We don’t ever break the line.

But there was an incredible black charger, carrying a woman in silver armour. I’d seen her before, often: none of us knew what her real name was, her Hatti one, but we called her Andromache, which means “fighter of warriors.” I thought I could throw her, get the horse, and be back in formation very quickly. That isn’t what happened, of course. She was older than me, a seasoned soldier, and she did what any seasoned soldier would. When I broke ranks, she ignored me, trusting her horse to kick me down, and aimed an arrow straight past me, then another—she was so fast that I thought maybe Artemis was with her—and another, and she killed three knights before the people on either side could close the shield wall.

That’s how Helios died.

So when we set sail to take our cargo of silver and slaves to Egypt a few weeks later, nobody was talking to me, except sometimes to recommend that I kill myself.

They couldn’t kill me, because I was the helmsman, which is a difficult job but one I’d always been good at. I might have been an idiot, but I had a good memory for things I saw, whether that was the stars, or the shape of the shallows, or the wrecking shores. Everyone else who definitely wouldn’t crash the ship was dead. Those three arrows from the Trojan general had only been the start of what became a total rout.

“If this ship so much as judders,” the captain told me mildly, “I will chain you to an oar with the slaves.”

Everyone was waiting for me to screw it up. I was too, because you need to be able to go into a calm kind of trance to handle a ship well, and I couldn’t reach it. After seven days at sea, I was shocked that I hadn’t wrecked us. We hugged the coast as far as possible, because deep-sea sailing was dangerous and stormy, so it was straightforward enough. Steer away from the shallow bits and all would be well. We put in at night; winter was coming, the seas were turning rough, and I twice saw the wind hurling itself into funnel spirals around a harpy as she raged across the horizon. I felt it tug the keel, though we were twenty miles away. I was dreading the open-sea passage to the Nile.

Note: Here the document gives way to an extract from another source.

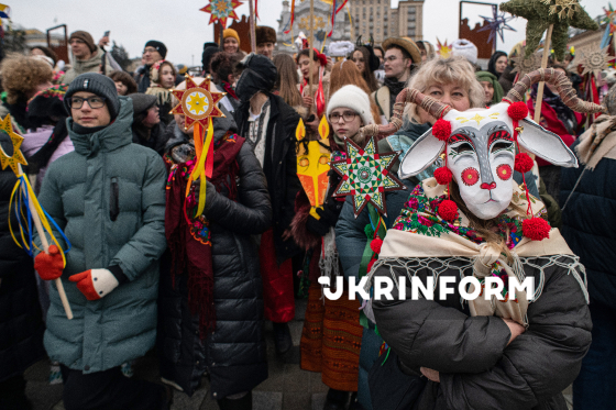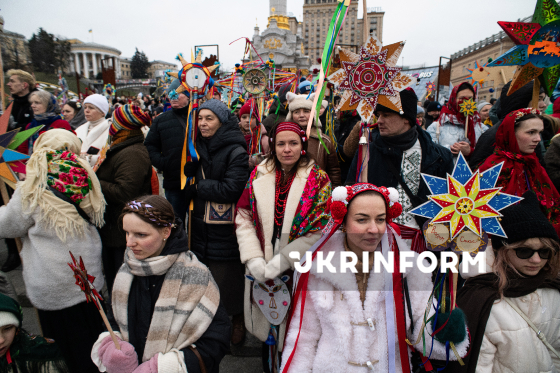 Учасники Різдвяної ходи із зірками, організованої з метою продовження давніх українських традицій, підтримки одне одного в умовах війни та вшанування пам’яті полеглих українських захисників, колядують на Майдані Незалежності, Київ, 25 грудня 2025 року.

It was just before we were about to leave the coast and strike out into the deep sea, on a bronze evening when I was looking over the side and thinking that perhaps I should drown myself, when someone saw the boy on the shore.

The boy was beautiful. We thought he must have been the son of a noble lady or a queen, because he was wearing a purple cloak against the sea wind. He would be a worth a fortune, and so we pulled in to the shale beach to take him.

He didn’t run away. Perhaps he realized he would never run fast enough and he might as well save himself the bother, but it was still eerie to wade out of the sea ready for a fight, only to find him walking out right to us in the tide line, as though he had long since arranged to meet us there.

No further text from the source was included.